Fortunately, both the narratives raise these significant questions in all their various
dimensions and the narratives of the two obliquely explore and subtly answer these questions
with the much-needed flexibility of interpretation especially with reference to the pluralistic,
multilingual, multicultural, multireligious and multiethnic character of the vastly-spread society
of India in its widespread regions and teeming with paradoxes and contradictions at several
levels (Riso, 2018). Thus, to sum up, it can be said that the partition of the Indian subcontinent
was the single most traumatic experience in recent history. The violence unleashed by the
criminal actions of a few fanatics, the vengeance that the ordinary Hindus, Muslims and Sikhs
wrecked on each other worsened the social sense, distorted the political judgment and deranged
the understanding of moral righteousness (Chopra, 2010). The real sorrow of the partition,
however, as portrayed in the two narratives under review, is that it brought to an abrupt end a
long and communally shared history and cultural heritage. The relations between the Hindus and
the Muslims were not, of course, always free from suspicions, distrust or the angry rejection by
A COMPARATIVE STUDY BETWEEN TRAIN TO PAKISTAN AND DASTAAN: INTERPLAY OF
TRAUMA AND POLITICS 40

one group of the habits and practices of the other; but such moments of active wickedness and
communal frenzy were a rare and transient exception to the common bonds of mutual goodwill
and warm feelings of close brotherhood (Kush, 2021). Organizations which nurtured violent
hatred towards each other and incited communal passions did exist, but at the very margins of
the solidly and healthily functioning social and cultural order. It is the unthoughtful decision of
partition and hollow love of 'nationalism' that let the mischief off and out.

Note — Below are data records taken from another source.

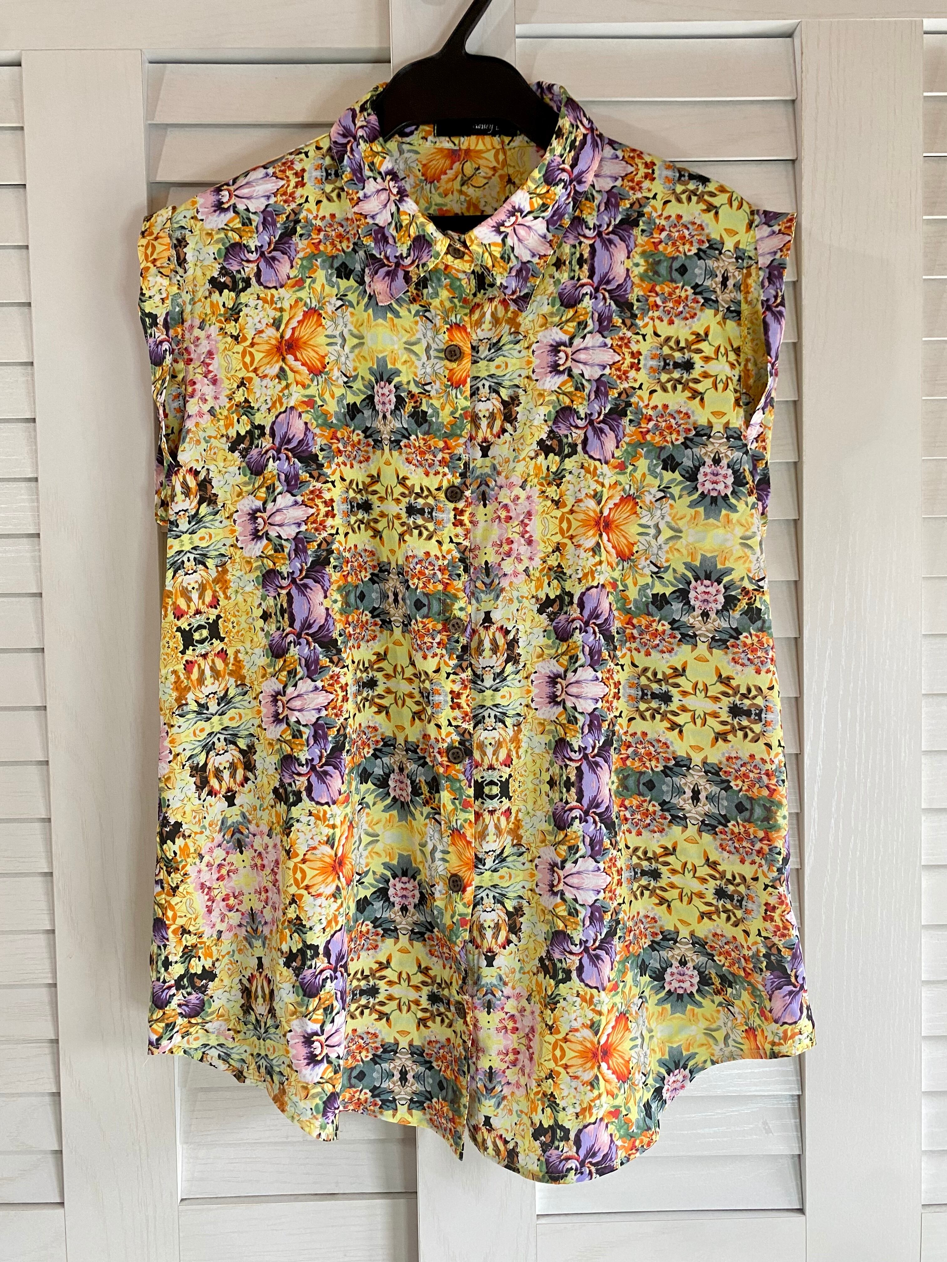 #5 HUDSON honey フローラルプリント フレンチスリーブ シャツブラウス イエロー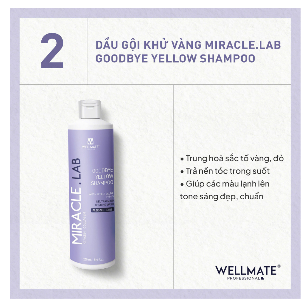 Dầu gội tím khử vàng giữ màu cho tóc tẩy MIRACLE. LAB GOODBYE YELLOW SHAMPOO WELMATE 250ml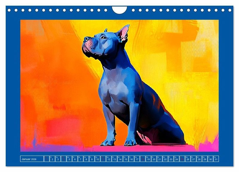 Molosser und Gebrauchshunde sind treue Gefährten, die uns Menschen mit ihrer Intelligenz, Kraft und Eleganz beeindrucken. In diesem Kalender werden 12 edle und auch seltene Rassen in kunstvollen Illustrationen präsentiert. Jede Szene wurde mit Hilfe von KI erstellt und fängt das Wesen und den Charakter dieser außergewöhnlichen Tiere ein.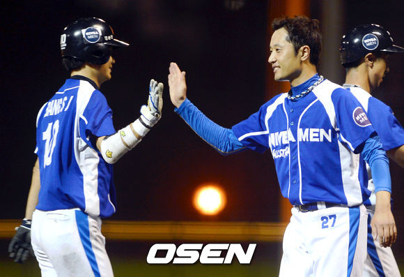 6회말 공격에서 니베아 맨 올스타팀이 2점을 뽑아 희망의 불씨를 당기자 정진우가 득점주자들과 하이파이브를 하고 있다. /ouxou@osen.co.kr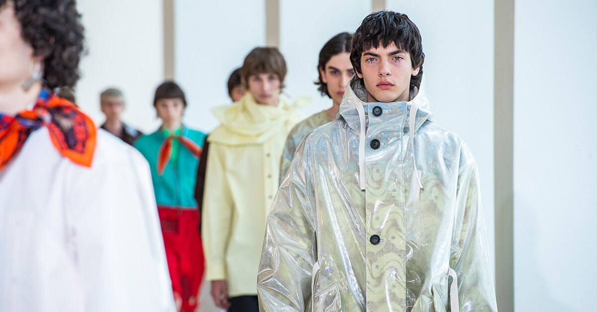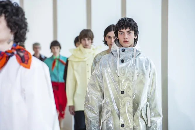 Мужские велосипедки в рубчик, прозрачные галстуки и обувь с шипами на показе Acne Studios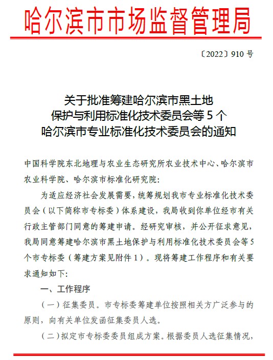 近日,中科院東北地理所農業技術中心申請籌建哈爾濱市黑土地保護與利用專業技術標準化委員會獲批復。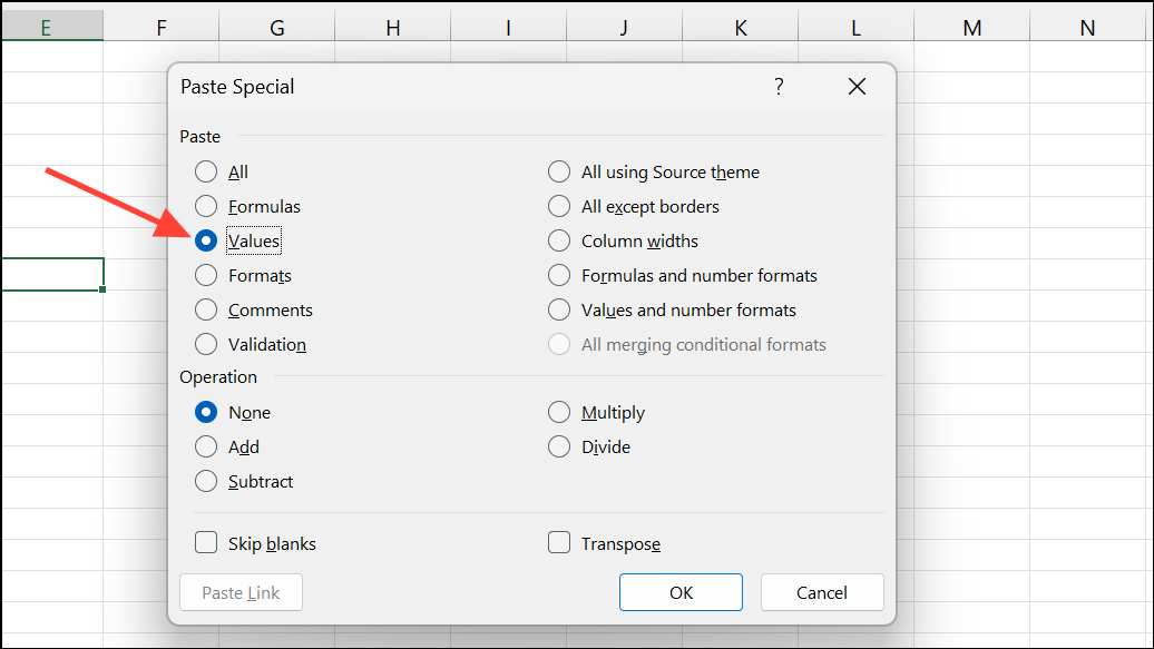 Vaihe 3:Valitse Liitä erityinen valintaikkunasta sopiva vaihtoehto (kutenArvot-KaavattaiMuodot) ja vahvistaaHyvä.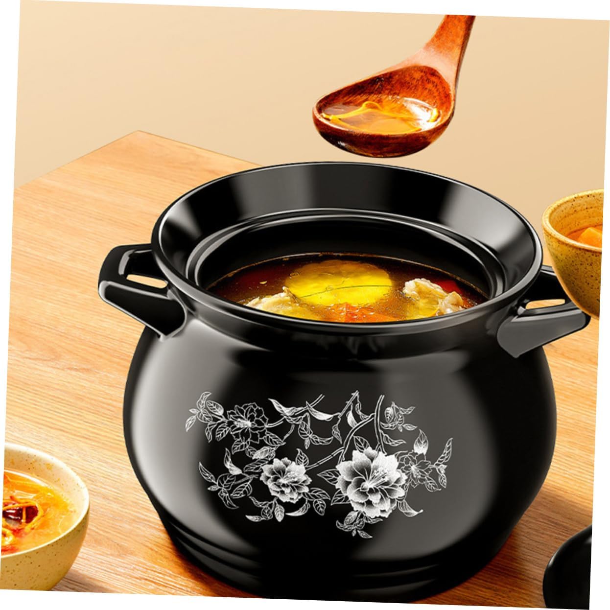 Package Include 1 x pot Characteristics -Note:The pattern and color of accessory is random cauldron cooking pot -Product Info:Casserole Stew Pot -Material: Ceramic cook pot. -Color: Assorted color soup cooking pot for chinese soup. -Size: 22.00X18.00X16.50cm/8.65X7.07X6.48in cooking pot - workmanship and smooth surface make this pot practical large pot for cooking -Designed with two handles, thus you can hold the pot easily one-piece pot -Heat-resistant and scald-proof cover, there are vents for venting stew pots with lids -Smooth and no-stick pot inside wall, easy to wipe and clean soup pot chinese -Smooth surface and thick texture, and cooking pots with lids.Goods Descriptionstainless pot Two side comes with handles, which the comfort for your holding.cooking pots with lids Simple and convenient to cook with it.divided pot for cooking Are you looking for a practical cooking pot? Do you want to make delicious soups for your families? This pot will be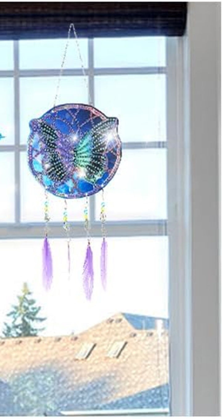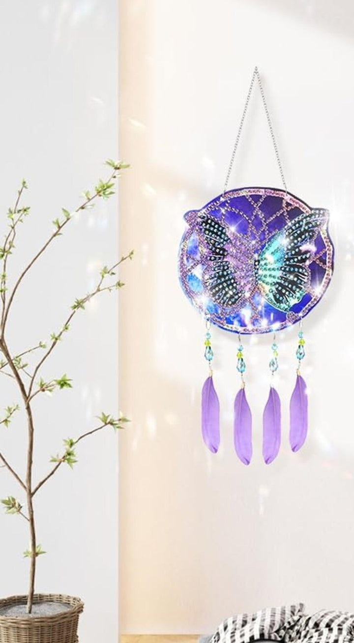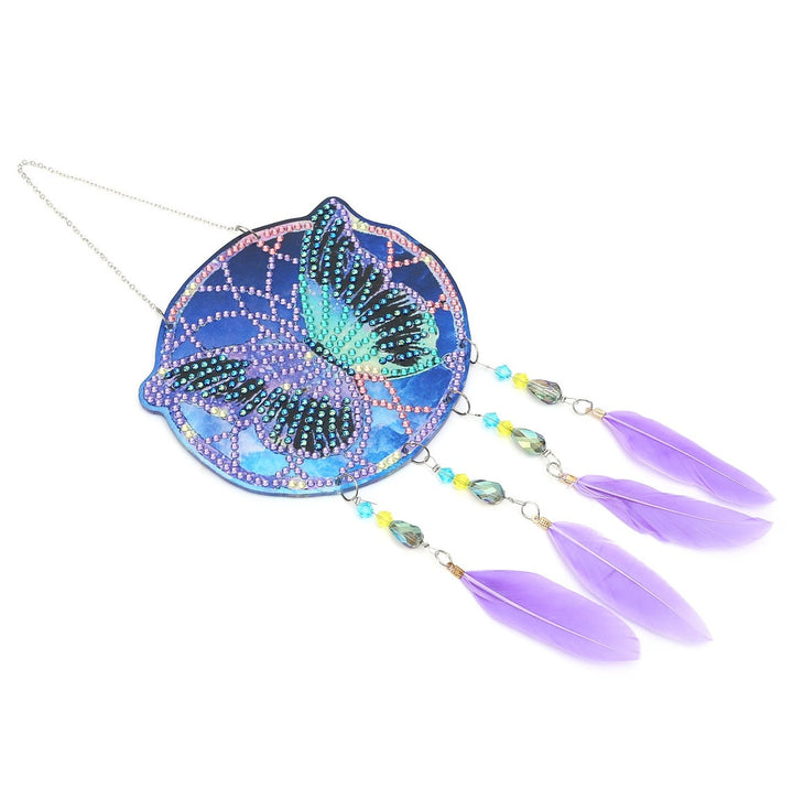 - 5D DIY Mystical Butterfly Feather Dream Catcher Diamond Art Kit Crystal Embroidery Rhinestone Decoration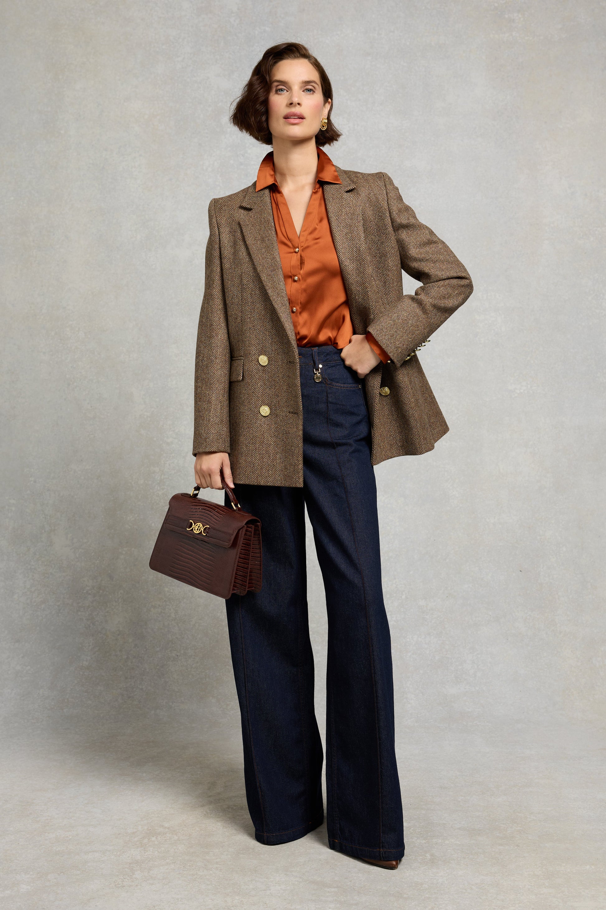 Effortlessly chic. the Lily Wide Leg Jean is designed to elevate your denim rotation. Cut with a high-rise waist for a flattering. elongating fit. it features a moderate wide leg that drapes beautifully from hip to hem. Classic five-pocket styling is updated with functional rear patch pockets. while a crisp pintuck down the center front of each leg adds a tailored finish. Signature gold metal hardware completes the look. lending a subtle touch of polish to this everyday essential.

Both the narratives can be perceived as a platform for polyphonic assets of disseminating
and propagating each voice as sui generis novel and drama. Singh and Hussain do not empower
any voice to subordinate another, however, each voice is empowered in its entirety as an
individual voice. Moreover, like Singh’s character Jaggut, Hussain’s character Bano is a
representation of any ordinary human voice which becomes easily relatable. Both characters
unknowingly contribute in the creation of hybrid beings, which carry traits of both ethnicities,
yet remain unique as creations. The uniqueness and distinct representation of plural and diverse
groups, yearning and struggling for points of merging in the divergent setting of partition is thus
identified as a medium of coalition. In this regard, the historical discourse on coexistence of
Muslims, Sikhs, and Hindus in the subcontinent as well as post-partition identifies areas of
monologic precepts inculcated as sources of division according to classification into
homogenous identities. By understanding representations of history in these terms, it is possible
for the scholar to transform the practices of reading and writing about partition narratives from a
search for authenticity to an examination of the multiple determinations of experience. With
these limitations in mind, the researcher has read representations of trauma and politics
experienced by ordinary people at the time of partition. As intent on occupying an historical void
and simultaneously gesturing to the significant presence, sacrifices and the role played by
women during the partition yet any details on it is trivial. Thus, critical research on the
substantial role played by women during the partition would be an intriguing topic to examine
and this would help absolute recognition of the reading and writing on the partition otherwise has
remained incomplete, indirect, and politically charged.